Batıl İnanç: --Yok--
Burç: Boğa
Favori Ders: Aritmansi
Örnek Rp(en az 5 satır):
Chloe, gecenin bir yarısı aşağıdan duyduğu seslerle uyanmış, sessizce aşağı iniyordu. Aşağıdakinin seslerin sahibinin bir yabancı olmasına imkân yoktu çünkü hiç çekinmeden hareket edebiliyor, özgürce ses çıkartıyordu."Lumos" diye geçirdi içinden. Asasına dolan ışıkla salona girdiğinde annesiyle babasını gördü.
— Anne, baba ne yapıyorsunuz? Yine mi çarpışma var?
O,savaşta tarafsız olmayı tercih ediyordu. Bulanıkları sevmese de, onlardan nefret etse de, onları büyücü dünyasından atmanın kayıp vermeden bir yolu olmalıydı ona göre. Ama savaşmak için bir nedeni olsa farklı olabilirdi belki de... O gece sanki aklından geçirecek başka bir şey kalmamış gibi bunu geçirmişti işte.

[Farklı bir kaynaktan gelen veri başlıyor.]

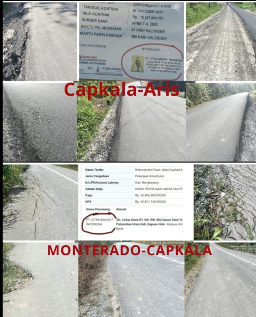 Sorotan ini semakin menguat setelah hasil investigasi lapangan Minggu, 14 Desember 2025, menemukan bahwa proyek lama Capkala–Monterado yang dikerjakan perusahaan yang sama pada tahun 2023 kini telah menunjukkan kerusakan dini, berupa retak, pengelupasan, hingga lubang di sejumlah titik, meski usia jalan tergolong masih baru.

— Evet, Chloe. Geç dönebiliriz. Bir haftaya kadar sürebilir. Sen sadece evde bizi veya bizden bir haber bekle.
Babası Chloe'nin fazla başına buyruk olduğunu bildiğinden bütün bunları üstüne bastıra bastıra söylemişti. Chloe "Tamam" diye mırıldansa da, iki günden fazla sürerse kesinlikle bir şeyler yapardı. Babasının yüzüne bakmadan düşünüyordu tabii. Gerçi, o birinin yüzüne bakmadan düşünür, konuşur veya cevap verirse daha kötü olurdu bunu babası da biliyordu ama bu sefer bir şey söylememesine şaşırmıştı. Yukarı çıkarken ardı ardına iki tane cisimlenme sesi duydu. Saat sabahın dördüydü. Arkasına bakmadan odasına gitti ve kapıyı kapatıp uykuya daldı. Ertesi sabah uyandığında gelmelerini umarak boş eve “Günaydın” dedi neşeli bir sesle.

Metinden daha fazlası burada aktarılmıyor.